In [None]:

import numpy as np
import pandas as pd
import matplotlib.pyplot as plt

# Load data
url = pd.read_csv("../data/urls.csv", encoding='latin1')

# Clean boolean column
url["has_suspicious_word"] = url["has_suspicious_word"].map(
    {True: 1, False: 0, "True": 1, "False": 0}
)

# Feature columns
feature_cols = [
    'url_length','num_digits','digit_ratio','special_char_ratio','num_hyphens',
    'num_underscores','num_slashes','num_dots','num_question_marks',
    'num_equals','num_at_symbols','num_percent','num_hashes','num_ampersands',
    'num_subdomains','is_https','has_suspicious_word'
]

url_features = url[feature_cols].astype(float)
url_response = url['status'].fillna(0).astype(int)

# Standardize
x_mean = url_features.mean(axis=0)
x_std_vec = url_features.std(axis=0) + 1e-8
x_std = (url_features - x_mean) / x_std_vec

# Drop rows with NaNs
mask = x_std.notna().all(axis=1) & url_response.notna()

A = x_std[mask].values
b = url_response[mask].values.astype(float)

print("A shape:", A.shape, "b shape:", b.shape)


  url = pd.read_csv("../data/urls.csv", encoding='latin1')

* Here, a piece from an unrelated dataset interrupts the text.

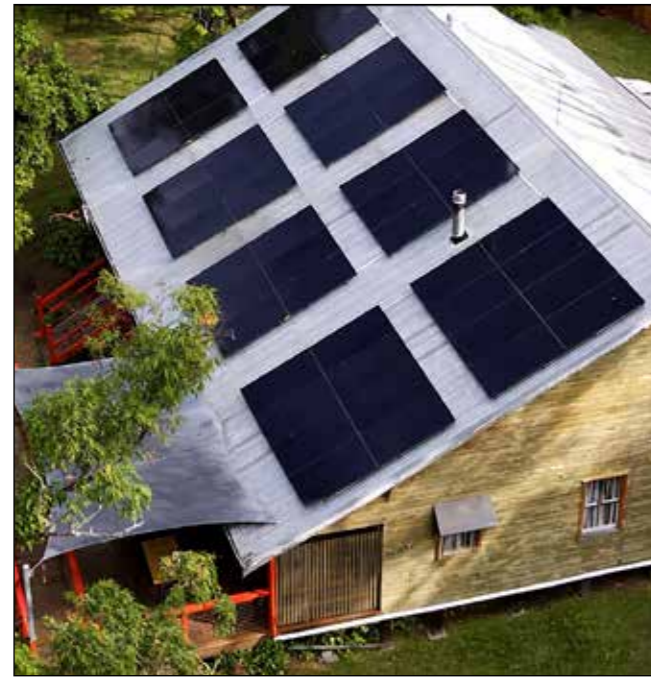
The store now boasts a solar upgrade by Rainbow Power Company.

"We really want to keep the spirit of the place," they say. "It's already something special."

A shape: (822010, 17) b shape: (822010,)


$$\text{Sigmoid function for logistic regression: }\sigma = \frac{1}{(1+ e^{-z})}$$
$$\text{Logistic Loss(using negative log likelihood): }f(x) = -\sum_i [b_i \log(1-p_i) + (1-b_i) \log(1-p_i)] + (\lambda \ 2) ||x||^2$$

We will use batch, mini-batch, and Newton's method for our algorithms using the above function as out minimizer. Due to the nature of the logistic regression model classifying 1 or 0, we can use that as out data is perfectly set up. The negative log likelihood function is a convex function which means that we can rely on these methods to find a global minimizer instead of stopping at a local mimimizer. We will compare the convergance and accuracy to asses the models.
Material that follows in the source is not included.